> _Supplied data_
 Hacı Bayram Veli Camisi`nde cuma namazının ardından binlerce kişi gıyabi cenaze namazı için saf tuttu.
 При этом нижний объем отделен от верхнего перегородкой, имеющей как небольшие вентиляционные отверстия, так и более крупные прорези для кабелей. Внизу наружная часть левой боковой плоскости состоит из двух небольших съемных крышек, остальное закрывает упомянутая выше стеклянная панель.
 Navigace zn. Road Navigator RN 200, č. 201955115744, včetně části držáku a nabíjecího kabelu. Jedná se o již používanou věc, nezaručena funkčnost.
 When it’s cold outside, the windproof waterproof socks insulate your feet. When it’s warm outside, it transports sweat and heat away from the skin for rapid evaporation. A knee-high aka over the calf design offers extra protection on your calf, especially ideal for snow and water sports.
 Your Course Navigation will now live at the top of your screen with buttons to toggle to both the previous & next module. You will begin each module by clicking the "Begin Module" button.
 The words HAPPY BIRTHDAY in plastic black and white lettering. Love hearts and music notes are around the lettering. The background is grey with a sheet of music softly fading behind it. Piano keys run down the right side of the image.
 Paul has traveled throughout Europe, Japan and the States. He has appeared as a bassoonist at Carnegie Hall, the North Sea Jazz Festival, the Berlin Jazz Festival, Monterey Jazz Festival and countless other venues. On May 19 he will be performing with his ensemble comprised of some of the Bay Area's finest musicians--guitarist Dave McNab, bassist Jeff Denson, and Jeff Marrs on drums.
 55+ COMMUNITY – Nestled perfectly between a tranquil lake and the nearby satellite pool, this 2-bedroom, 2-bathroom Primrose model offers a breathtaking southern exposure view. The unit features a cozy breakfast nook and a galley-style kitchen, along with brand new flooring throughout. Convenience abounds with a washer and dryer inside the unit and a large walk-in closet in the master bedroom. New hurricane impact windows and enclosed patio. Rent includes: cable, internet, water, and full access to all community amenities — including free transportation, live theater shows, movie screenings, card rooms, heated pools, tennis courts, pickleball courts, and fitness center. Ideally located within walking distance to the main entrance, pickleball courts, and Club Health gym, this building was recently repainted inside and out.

> _Work instruction_
I'd like an exact copy of the lines above, from the very first one through the line that contains "Navigace zn. Road", with nothing else added.

> _Response_
 Hacı Bayram Veli Camisi`nde cuma namazının ardından binlerce kişi gıyabi cenaze namazı için saf tuttu.
 При этом нижний объем отделен от верхнего перегородкой, имеющей как небольшие вентиляционные отверстия, так и более крупные прорези для кабелей. Внизу наружная часть левой боковой плоскости состоит из двух небольших съемных крышек, остальное закрывает упомянутая выше стеклянная панель.
 Navigace zn. Road Navigator RN 200, č. 201955115744, včetně části držáku a nabíjecího kabelu. Jedná se o již používanou věc, nezaručena funkčnost.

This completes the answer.